Les verrines de Yaowarat

   Il est largement plus de midi dans Yaowarat, le quartier chinois de Bangkok.

Le soleil est très chaud et  tombe pratiquement à la verticale. Le vacarme des pots d'échappement est assourdissant. Chaque touk-touk ou moto qui passe en trombe me fait rentrer malgré moi la tête dans les épaules dans un mouvement réflexe, complètement inutile, pour tenter de me protéger du bruit. 

" — Vous êtes hyperacousique ! " avait laissé tomber l'ORL en haussant les épaules d'un air fataliste, il y a quelques mois

 

   Les trottoirs, bien trop étroits, sont envahis par une foule compacte qui déambule à toute petite vitesse, des gros sacs en plastique pendus au bout des bras.

Reste le bord de la chaussée, mais il est encombré de chaque côté de charrettes de vendeurs de comestibles à emporter et de véhicules garés en double file, en train d'être chargés ou déchargés de ballots de marchandises. Si l'on est un peu pressé – comme moi – il faut donc marcher dans la rue en anticipant visuellement la trajectoire probable des véhicules.

 

   J'entre dans une N-ième boutique chinoise, sans porte, très sombre, qui paraît presque noire en sortant du grand soleil.
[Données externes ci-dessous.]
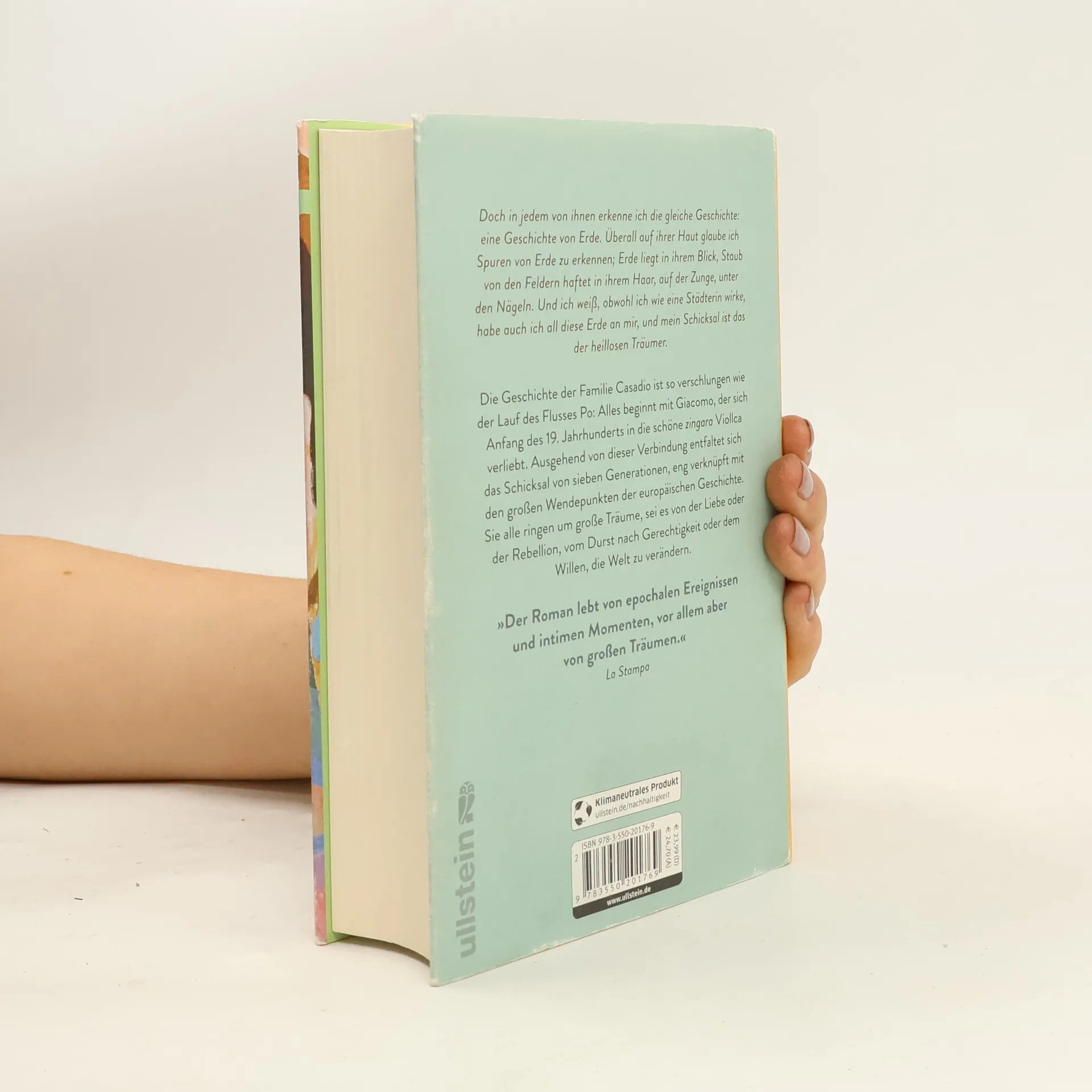 »Ein Epos voller Drama, Leidenschaft und Liebe.« Freundin Ein Dorf in der Lombardei zu Beginn des neunzehnten Jahrhunderts: Als ein Wagenzug des fahrenden Volkes nach sintflutartigen Regenfällen gezwungen ist, in Stellata zu überwintern, nimmt das Schicksal seinen Lauf. Der schwermütige Giacomo Casadio verliert sein Herz an Viollca, eine Frau mit rabenschwarzer Mähne und Federn im Haar. Die beiden bekommen einen Sohn, der sich am Grab seines Vaters weiter lebhaft mit ihm – und mit anderen Toten – unterhält. Doch damit nicht genug. Für ihren Enkel Achill, der das Gewicht eines Atemzugs messen will, und Neve, die mitten im Sommer in einem Schneesturm zur Welt kommt, und auch für die kühne Donata, die über ihren Idealen sich selbst vergisst, hält das Leben die Herausforderung bereit, weder den Kopf in den Wolken zu verlieren noch in den Fluten unterzugehen. »So klingen spannende Familiengeschichten und An den Ufern von Stellata ist voll von ihnen.« Stern

Le vieux Chinois est, comme il se doit, écroulé sur sa chaise derrière le comptoir et me regarde d'un air neutre.

À l'aide de mon thaï rudimentaire, je demande : " — Des antiquités ?

Ça l'a réveillé ! Soudainement enthousiaste, il répond avec un sourire : " — Mi ! " et me montre fièrement du doigt des étagères chargées de bric-à-brac. Je m'en approche et, du premier coup d'œil, comprend déjà qu'il n'y aura probablement rien pour moi. C'est bien comme d'habitude : des services à thé très poussiéreux – quoique fabriqués l'année dernière à Hong Kong – des bricoles indistinctes en laiton, devenues toutes noires avec le temps et la pollution et, bien entendu, les incontournables Trois Sages Fou Lou Shou, éternellement hilares, en porcelaine émaillée de couleurs criardes et disponibles dans toutes les tailles possibles.

 

   Mais, au milieu du fouillis, mon regard vient de scanner une silhouette déjà cataloguée dans mon subconscient…

Je prends l'objet en question en introduisant un doigt dans le trou situé à son sommet.

Elle est sale, mais c'en est bien une ! Et même pas fêlée !

 

   C'est une verrine de lampe à opium, du type appelé lampe de coolie par les collectionneurs. Elle mesure plus d'une vingtaine de centimètres et elle est même marquée d'un sceau doré…!

   Une excellente trouvaille ! Je demande par signes où est la base de la lampe. Le vieux marchand hausse les épaules.

Je la repose lentement, en simulant une grosse déception. Lui aussi paraît bien déçu car il imagine déjà sa vente ratée.

En réalité, j'exulte dans mon fort intérieur car il est bien plus rare de trouver une verrine sans sa base que l'inverse ! Et justement, j'en ai plusieurs à la maison, qui attendent désespérément un verre depuis longtemps.

Je vais lentement jusqu'au fond de la boutique sans rien trouver d'autre, puis reviens vers le marchand et, d'un air indifférent, demande : " — Combien ? "

Son prix est raisonnable mais je fais quand même une petite grimace, pour la forme, et baisse de vingt pour cent. Il prend alors un air de grande souffrance et offre dix pour cent. Je fais semblant d'hésiter un moment en tournant lentement l'objet entre mes doigts, puis accepte d'un signe de tête.

Pendant qu'il roule prestement l'objet dans une feuille de journal, je demande sans conviction :

—  D'autres ? 

À ma grande surprise, il répond encore " — Mi ! " et plonge sous le comptoir.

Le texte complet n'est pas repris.